To relate the theory to GWASs, we must first account for the power to detect loci that contribute to quantitative genetic variation. In studies of continuous traits, the power can be approximated by a step function, where loci that contribute more than a threshold value v* to additive genetic variance will be detected and those that contribute less will not (Section 6.1 in S1 Text). The threshold depends on the study size, m, and on the total phenotypic variance in the trait, VP, where v* ∝ VP/m (Section 6.1 in S1 Text; [77]); conversely, the study size m needed to detect loci with contributions above v* is proportional to VP/v*. Given a trait and study size, the number of associations discovered and heritability explained then follow from our predictions for the distribution of variances among sites.
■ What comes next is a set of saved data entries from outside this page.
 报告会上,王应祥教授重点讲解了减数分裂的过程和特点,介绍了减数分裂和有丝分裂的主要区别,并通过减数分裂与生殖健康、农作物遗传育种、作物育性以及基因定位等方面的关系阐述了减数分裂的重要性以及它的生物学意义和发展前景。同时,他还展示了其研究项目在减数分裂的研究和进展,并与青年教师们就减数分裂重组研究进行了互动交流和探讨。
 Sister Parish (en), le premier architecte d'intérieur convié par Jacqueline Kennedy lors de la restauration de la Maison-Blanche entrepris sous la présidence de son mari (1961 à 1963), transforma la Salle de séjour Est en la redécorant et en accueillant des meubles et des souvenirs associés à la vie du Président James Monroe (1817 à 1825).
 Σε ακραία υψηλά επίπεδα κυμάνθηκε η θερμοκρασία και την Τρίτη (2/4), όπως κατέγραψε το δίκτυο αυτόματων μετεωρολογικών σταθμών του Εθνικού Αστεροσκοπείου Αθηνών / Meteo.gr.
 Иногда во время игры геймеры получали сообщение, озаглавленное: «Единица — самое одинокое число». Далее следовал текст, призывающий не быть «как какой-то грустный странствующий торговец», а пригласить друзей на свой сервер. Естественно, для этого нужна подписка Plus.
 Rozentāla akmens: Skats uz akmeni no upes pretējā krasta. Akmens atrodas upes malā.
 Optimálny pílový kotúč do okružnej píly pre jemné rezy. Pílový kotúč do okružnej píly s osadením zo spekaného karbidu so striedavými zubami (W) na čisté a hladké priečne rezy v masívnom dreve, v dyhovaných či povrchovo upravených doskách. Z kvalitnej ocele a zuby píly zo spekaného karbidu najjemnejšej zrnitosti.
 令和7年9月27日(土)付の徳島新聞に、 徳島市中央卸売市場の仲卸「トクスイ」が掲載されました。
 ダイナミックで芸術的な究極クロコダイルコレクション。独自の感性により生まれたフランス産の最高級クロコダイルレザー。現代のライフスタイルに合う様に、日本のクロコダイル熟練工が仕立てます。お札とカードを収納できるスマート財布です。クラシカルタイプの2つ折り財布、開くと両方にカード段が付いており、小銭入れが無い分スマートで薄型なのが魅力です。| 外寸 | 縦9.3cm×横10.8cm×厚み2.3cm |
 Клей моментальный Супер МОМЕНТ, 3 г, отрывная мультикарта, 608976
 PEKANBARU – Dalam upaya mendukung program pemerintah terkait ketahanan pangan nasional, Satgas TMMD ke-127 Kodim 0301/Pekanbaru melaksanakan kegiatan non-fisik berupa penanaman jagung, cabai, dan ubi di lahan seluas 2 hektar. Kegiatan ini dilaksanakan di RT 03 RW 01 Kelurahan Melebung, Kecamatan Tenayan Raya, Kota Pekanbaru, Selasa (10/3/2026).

When genetic variation in a trait is sufficiently pleiotropic, our results suggest that the first loci to be discovered in GWASs will be intermediate or strongly selected, with correspondingly large effect sizes (i.e., S2Nnw2a12>5). The functional form of the distribution of variances among these loci (Eq 15 and Fig 3B) implies that for GWASs to capture a substantial proportion of the genetic variance, their threshold variance for detection v* has to be on the order of the expected variance contributed by strongly selected sites, vs, or smaller. We therefore expect the threshold study size for the discovery of intermediate and strongly selected loci to be proportional to VP/vs. When the study size exceeds this threshold, the number of associations detected and proportion of variance explained depend on the study size measured in units of VP/vs (Fig 4) and follow from the functional forms that we derived (Eq 15 and Table A1 in S1 Text). The dependence on VP/vs makes intuitive sense, as the total phenotypic variance VP is background noise for the discovery of individual loci whose contributions to variance are on the order of vs. Some results are modified when variation in a trait is only weakly pleiotropic, which is probably less common: notably, the threshold study size for strongly selected loci would be higher, and loci under intermediate selection would begin to be discovered only after the strongly selected ones (Fig A22 in S1 Text, Eq 13, and Eq A35 in S1 Text). Regardless of the degree of pleiotropy, effectively neutral loci would only begin to be discovered at much larger study sizes, after the bulk of intermediate and strongly selected variance has been mapped (Fig 4 and Fig A22 in S1 Text). Thus, the dependence of the explained heritability on study size is largely determined by VP/vs and by the proportion of heritable variance arising from intermediate and strongly selected loci, whereas the number of associations also depends on the mutational target size, providing a tentative explanation for why the performance of GWASs varies among traits.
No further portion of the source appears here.